Other important landmark was the Terrace of the Dead, that circled the Palatial district, with snarling stone scar seals along the Sacred Way to the altars. Fish even brighter than the corals swom in the gardens of combgrass that swayed gently in the ocean's currents and the bright hunter flowers.

There was as well the Great Square and Royal Palace, and there ws the Temple of the Dreams, built of huge blocks of black lava glass and coral, considered to be truly a fitting reflection of the Ancient Vision of Oceans, Ancient Dreams and Cycle of Life and Death.

Religion

Leading the Pantheon of the Tlann are the  The Gods Who Dream in the Deeps. In the Tlann religion, these old dreaming goods will wake again and a new world will be born from their words.

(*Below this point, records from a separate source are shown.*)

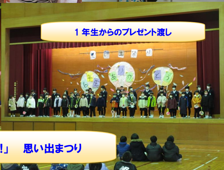
1年生からのプレゼント渡し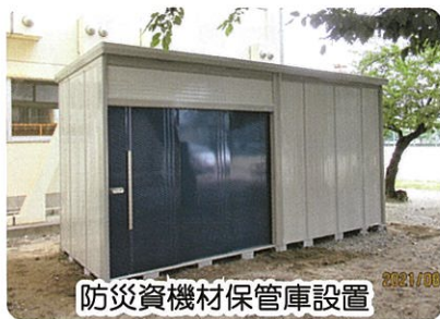
防災資機材保管庫設置

両校とも導入に先駆けて、令和3年度にモデル校の指定を受け、学校運営協議会が設置されて現在まで、保護者・地域・学校が一体となって子どもの成長をサポートしています。女池コミ協の役員も地域の代表として両校から学校運営協議会の委員委託を受けており、「地域とともある学校」づくりのために学校と連携している行事の一部を紹介します。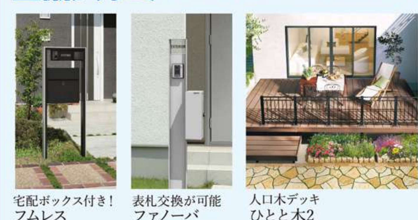
宅配ボックス付き! フムレス 表札交換が可能 ファンローバ 入口木デッキ ひとと木2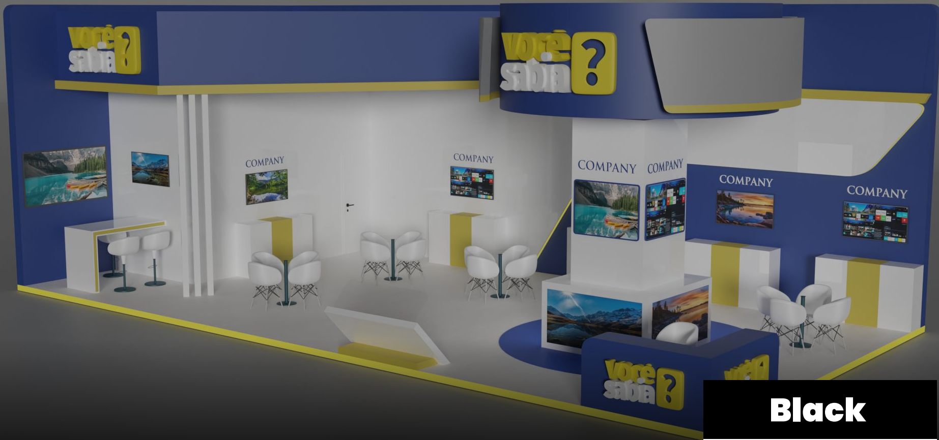
Black ESTANDE 36m 2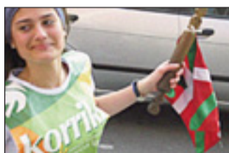
15. Korrika emakumeen omenez

“ Aurtengo Korrika gaueko 22:45ean helduko da ”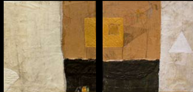
Sabini Mai Schilderijen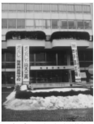
ガンバレ！日大三高、桜美林高

選抜そろって出場が決定 第77回選抜高校野球大会に年ぶり15回目、桜美林高は18日大三高と桜美林高がそろって出場することが決まりました。町田市から2校そろって出場するのは初めての快挙です。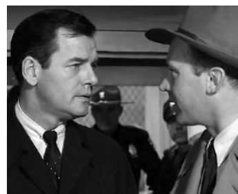
1955 LA MAISON DES OTAGES (The Desperate Hours) de William Wyler avec Gig Young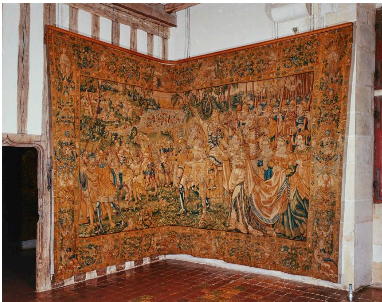
Pièce n°5 : Passage de la mer Rouge.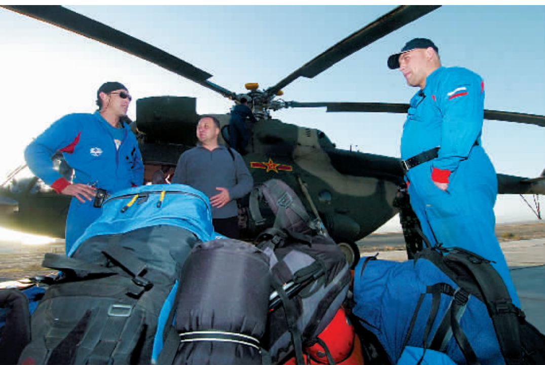
搭载8名中俄联合搜救队人员的中方直升机准备从新疆和田机场起飞。

俄罗斯救援小组负责人列文申说，这是中俄两国历史上首次进行联合大搜救，中方为搜救失踪的俄罗斯人员付出了艰苦的努力。这次参加地面搜救的5名俄罗斯人员，都是经验丰富的漂流和登山专家，其中一位还可负责医学救护。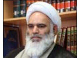
معهد المعارف الحكيمة النفس بين الفلسفة والعرفان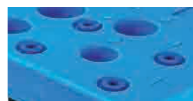
Pines de ensamble

As the gods are sleeping, to intercede for the living play an important role the souls of the deceased: the Dead of the Family, refered as the Honourable dead.

For the Tlannt, they have two souls, the Hhlan and pǃk.

The hhlan it's considered to be  light, ethereal and intellectual. This souls ascends to become an ancestor at death. They pray for their help, rather than to the Gods Who Dream in the Deeps: it was believed that they shall dream as they will, and that no prayers where going to change this. Despise of this, they respected and feared them, and it was with the help of their ancestors, whispering in the ears of the Dreaming Gods to try to influence their dreams, that would come help in life. 

For the Hhlan to join the ancestors after death, was needed a proper funeral rite.

The pǃk soul in Tlannt belief is dark, gravid and sensual. This soul becomes a wandering spirit in the cold waters of the north and the Tlannt believed that if they disrespected their ancestors, they shall return from the north and wreak havoc among the living.

In the case of blood feuds between families and the desecration of their ancestors, it was considered a proper vengeance to carve out the eyes of their enemies to make them an offering out of them to the aggravated ancestors.

While there was an organized cult lead by the High Priest, with festivities as the longest night, that was the Night of the Dead, to honour the Honourable dead this was a familiar cult, with Home altars for offerings, such as food.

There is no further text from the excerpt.